The goal of furrr is to combine purrr’s family of mapping functions with
future’s parallel processing capabilities. The result is near drop in
replacements for purrr functions such as `map()` and `map2_dbl()`, which
can be replaced with their furrr equivalents of `future_map()` and
`future_map2_dbl()` to map in parallel.

The code draws heavily from the implementations of purrr and
future.apply and this package would not be possible without either of
them.

## What has been implemented?

Every variant of the following functions has been implemented:

-   `map()`
-   `map2()`
-   `pmap()`
-   `walk()`
-   `imap()`
-   `modify()`

This includes atomic variants like `map_dbl()` through
`future_map_dbl()` and predicate variants like `map_at()` through
`future_map_at()`.

## Installation

You can install the released version of furrr from
[CRAN](https://CRAN.R-project.org) with:

``` r
install.packages("furrr")
```

And the development version from [GitHub](https://github.com/) with:

``` r
# install.packages("remotes")
remotes::install_github("DavisVaughan/furrr")
```

## Learning

The easiest way to learn about furrr is to browse [the
website](https://davisvaughan.github.io/furrr/).
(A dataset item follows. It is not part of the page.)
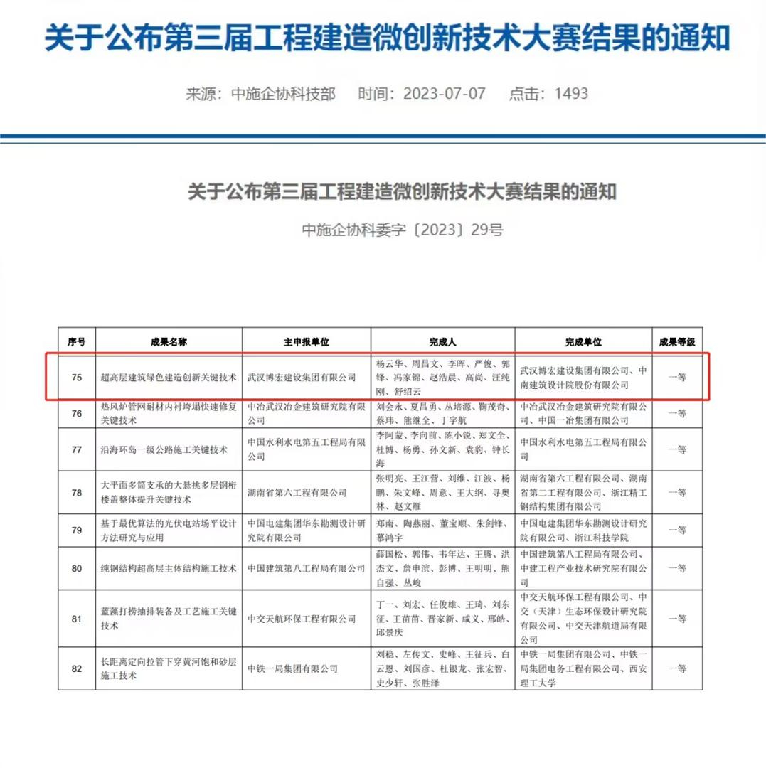 近日,中國施工企業(yè)管理協(xié)會(huì)公布第三屆工程建造微創(chuàng)新技術(shù)大賽獲獎(jiǎng)結(jié)果。以中南科研設(shè)計(jì)中心建設(shè)項(xiàng)目為背景的“超高層建筑綠色建造創(chuàng)新關(guān)鍵技術(shù)”榮獲中施企協(xié)第三屆工程建造微創(chuàng)新技術(shù)大賽一等成果,這也是博宏建設(shè)集團(tuán)首次獲得該類賽事一等獎(jiǎng)。
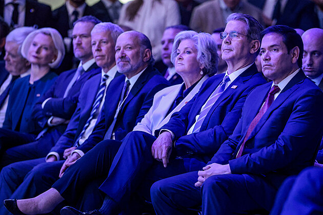 Americký ministr zahraničí Marco Rubio (uprostřed) sedí vedle ministra financí USA Scotta Bessenta (třetí zleva) a éfky personálu Bílého domu Susie Wilesové (druhá zleva) a poslouchá projev prezidenta Donalda Trumpa na zasedání Světového ekonomického fóra v Davosu (21. ledna 2026)

In particular, the
[function
reference](https://davisvaughan.github.io/furrr/reference/index.html)
page can be useful to get a general overview of the functions in the
package, and the following vignettes are deep dives into various parts
of furrr:

-   [Common
    gotchas](https://davisvaughan.github.io/furrr/articles/articles/gotchas.html)

-   [Learn how furrr “chunks” your
    input](https://davisvaughan.github.io/furrr/articles/articles/chunking.html)

-   [carrier - An alternative to automatic globals
    detection](https://davisvaughan.github.io/furrr/articles/articles/carrier.html)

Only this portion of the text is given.